Separuh hatinya membenci dirinya sendiri dengan apa yang sudah dia perbuat tapi separuh lainnya menyukai apa yang sudah terjadi karena dia jadi merasakan kenikmatan yang tiada terperi dan tadi memang terasa sangat nikmat.
“Well nona Sophie, aku pikir kamu sudah menghiburku dengan begitu baik.” Ucap Charles dengan seringai bodoh di wajah lebarnya.
“Senang bisa menghibur anda.” Jawab Sophie kecut.
“Honey, aku tak bisa mendengarmu dengan jelas?” suara Josh terdengar dari pesawat telpon di atas meja.
Tangan Sophie terjulur untuk meraihnya.
“Hey baby. Semuanya baik-baik saja, aku cuma sedang berusaha menghibur bossmu saja.” Sophie menerangkan pada kekasihnya.
“Dia sungguh pandai menghibur Josh. Aku mungkin akan sering datang kemari kalau dia begini menyenangkan.” Sahut Charles pada Josh dengan suara keras.
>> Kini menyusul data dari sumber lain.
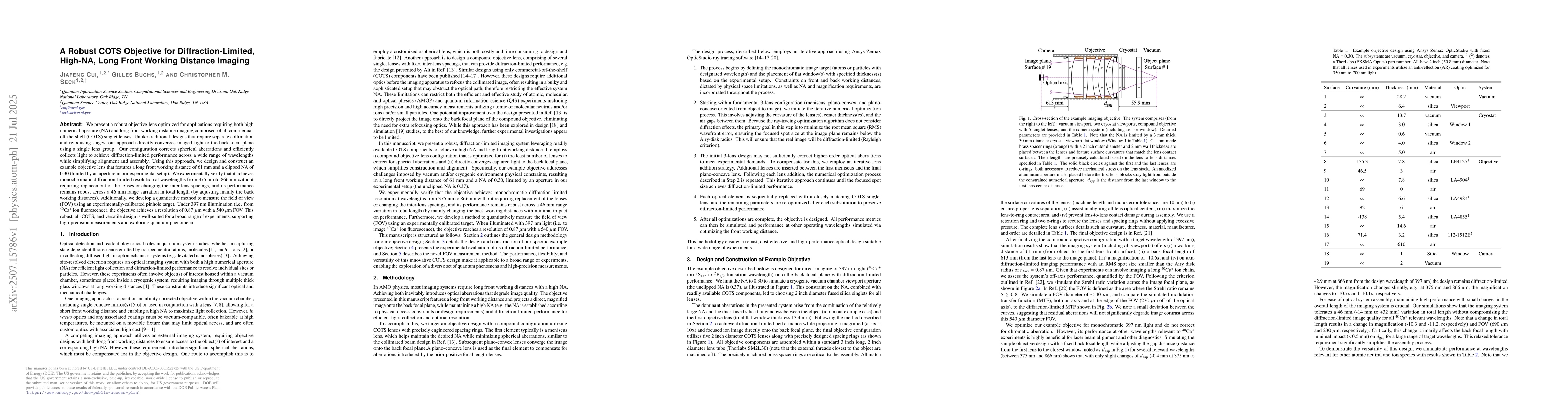 We present a robust objective lens optimized for applications requiring both high numerical aperture (NA) and long front working distance imaging comprised of all commercial-off-the-shelf (COTS) singlet lenses. Unlike traditional designs that require separate collimation and refocusing stages, our approach directly converges imaged light to the back focal plane using a single lens group. Our configuration corrects spherical aberrations and efficiently collects light to achieve diffraction-limited performance across a wide range of wavelengths while simplifying alignment and assembly. Using this approach, we design and construct an example objective lens that features a long front working distance of 61 mm and a clipped NA of 0.30 (limited by an aperture in our experimental setup). We experimentally verify that it achieves monochromatic diffraction-limited resolution at wavelengths from 375 nm to 866 nm without requiring replacement of the lenses or changing the inter-lens spacings, and its performance remains robust across a 46 mm range variation in total length (by adjusting mainly the back working distances). Additionally, we develop a quantitative method to measure the field of view (FOV) using an experimentally-calibrated pinhole target. Under 397 nm illumination (i.e. from $^{40}$Ca$^+$ ion fluorescence), the objective achieves a resolution of 0.87 $\mu$m with a 540 $\mu$m FOV. This robust, all-COTS, and versatile design is well-suited for a broad range of experiments, supporting high-precision measurements and exploring quantum phenomena.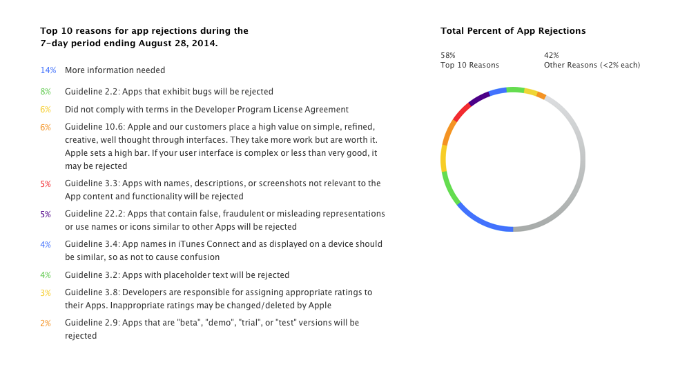 Per maggiori dettagli vi rimandiamo alla sezione apposita sul sito Apple, dedicata appunto a questo particolare tema: App Review Guidelines and Resources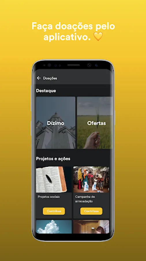 💛 Donate or contribute to the church directly through the app via credit card or boleto.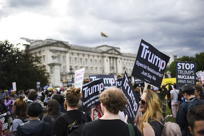 U.S. President Donald Trump was greeted with a royal family welcome and protests after he arrived in London on Monday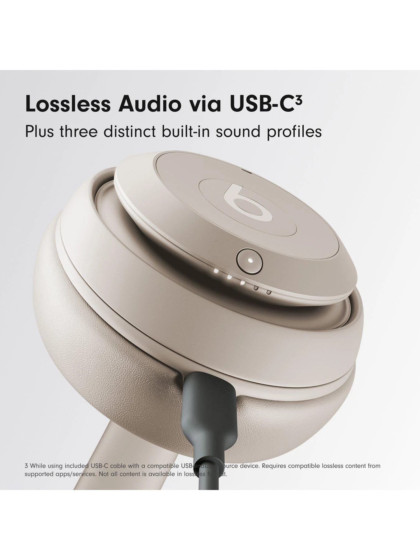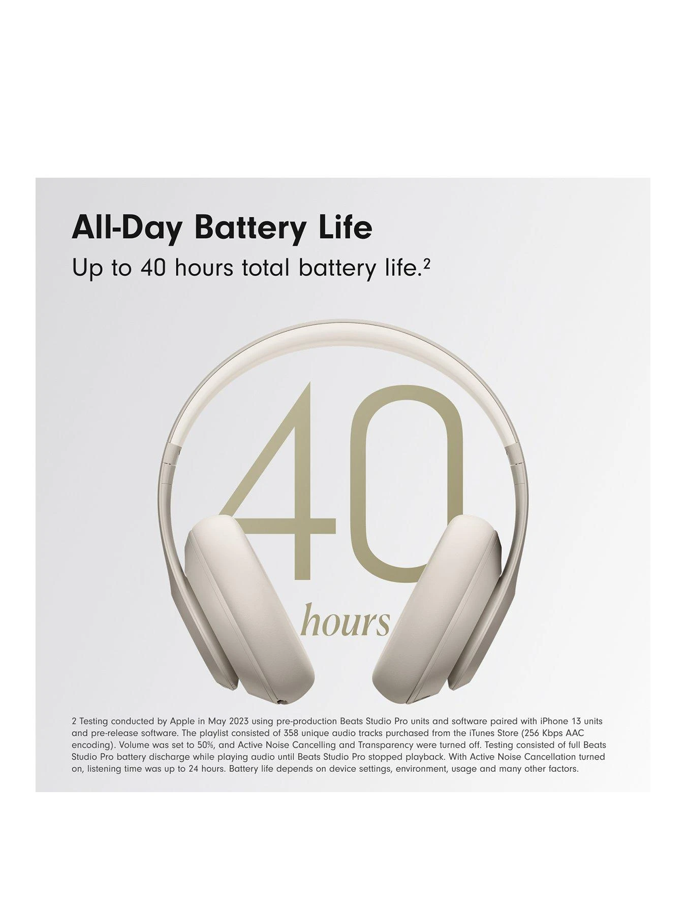 1. Not all content is available in lossless format. 2. Testing conducted by Apple in May 2023 using pre-production Beats Studio Pro units paired with iPhone 13 units. Volume was set to 50% and ANC and Transparency were turned off. Battery life depends on device settings, environment and usage 3. Requires an iCloud account and a compatible Apple device running the latest IOS software or a compatible Android device running Android 8.0 or later, with Google Play Services enabled.Â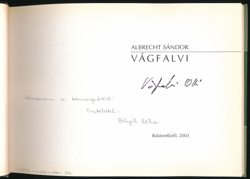Albrecht Sándor: Vágfalvi. A művész, Vágfalvi Ottó (1925-2015) festőművész által ALÁÍRT példány! Balatonfűzfő, 2003, (Füzfőgyártelep, Tradeorg-ny.) Gazdag képanyaggal illusztrált. Kiadói kartonált papírkötés.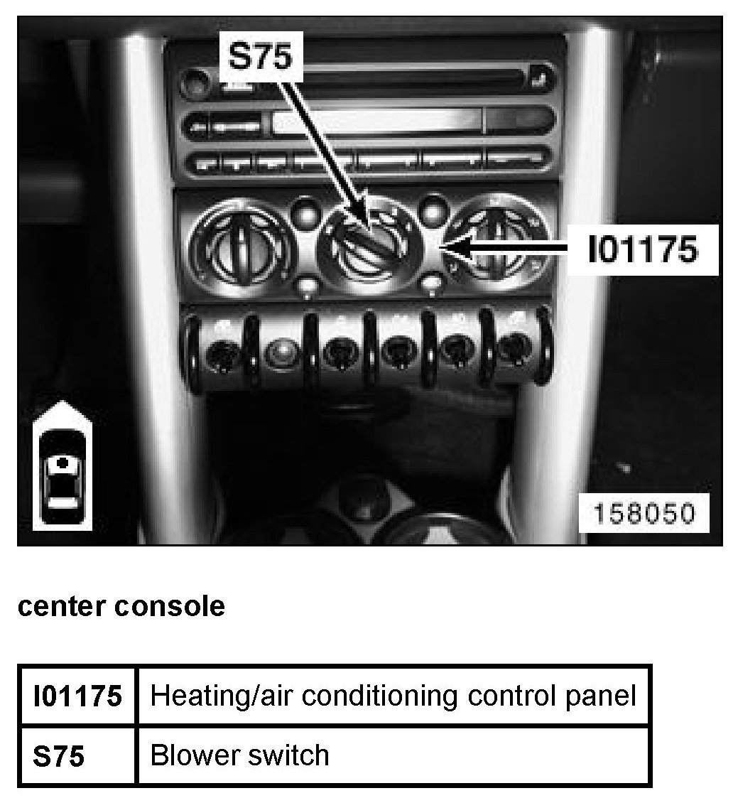 I01175 Control Panel, Heater and A/C Controls (Without IHKA Automatic Heating/Air Conditioning System)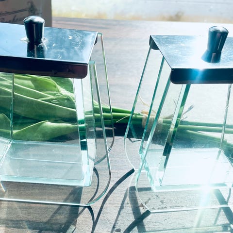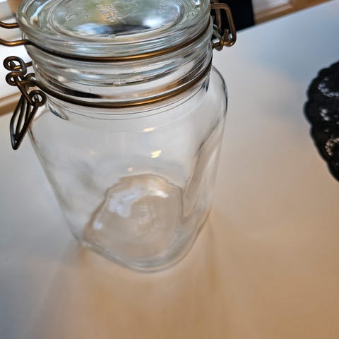 Vintage glasskrukke med lokk selges for 125 kr. Har klistremerke med "San Marco. Made in w. Germany".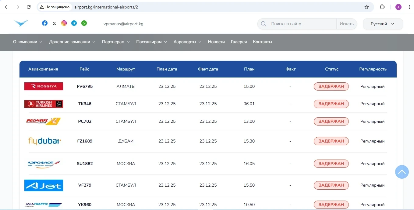 В аэропорту «Манас» снова туман, рейсы задерживают

“Aku senang kamu bisa menyenangkannya honey, macet ini benar-benar neraka. Aku masih menunggu taksi di bandara. Sudah lebih satu jam sekarang!!!” keluh Josh pada kekasihnya.
Tatapan Sophie beralih dari wajah boss kekasihnya, turun ke selangkangannya dan dengan menilai masih adanya tonjolan yang menggembung di sana, semuanya tadi tentu membuatnya tetap keras. Sophie merasa perutnya bergolak dan merasa vaginanya menjerit memanggil batang penis itu sekali lagi. Dia tak bisa kendalikan dirinya. Dia tatap selangkangan yang menggembung besar itu, lalu berusaha untuk mengabaikannya, tapi dia gagal. Dia berdiri dengan bersusah payah agar tak terjatuh karena kedua kakinya yang masih terasa lemas, tangannya terjulur pada boss kekasihnya. Charles memandangnya dengan kebingungan, tapi dia sambut uluran tangan Sophie. Dengan masih menatap mata Charles, Sophie mulai melangkah mundur, meninggalkan ruang tengah tersebut dan melangkah ke lantai atas menuju ke arah kamar miliknya dan Josh, sembari berkata pada kekasihnya di telpon.
“Tenang saja baby, aku yakin bisa menemani dan menghibur bossmu sampai kamu pulang.” Ucap Sophie dengan tersenyum pada Charles.
Wajah Charles masih nampak bingung tapi segera berubah jadi gembira saat mereka memasuki kamar tersebut. Sophie membimbing Charles ke ujung ranjang dan dia berbalik untuk mendorong Charles hingga rebah ke atas ranjang. Charles menatapnya dan kembali sebuah senyuman bodoh tersungging di bibirnya, seakan seorang remaja yang akan menyerahkan perjakanya pada seorang gadis yang sangat seksi. Charles beringsut naik hingga kepalanya beralaskan bantal dan dengan cepat dia telanjangi dirinya saat Sophie bicara dengan kekasihnya di telpon. Ranjang tersebut berukuran besar dan terbuat dari bahan besi tempa dengan berhiaskan jeruji berulir pada headboardnya. Kadang Sophie dan Josh saling memborgol tangan pada headboard tersebut dalam permainan cinta keduanya. Sekarang headboard tersebut akan dipakai Sophie untuk menyetubuhi pria lain. Sekarang Charles sudah telanjang bulat, penisnya yang masih setengah ereksi berdiri menantang. Meskipun masih belum ereksi sempuran, tetap saja uukurannya begitu besar dan panjang.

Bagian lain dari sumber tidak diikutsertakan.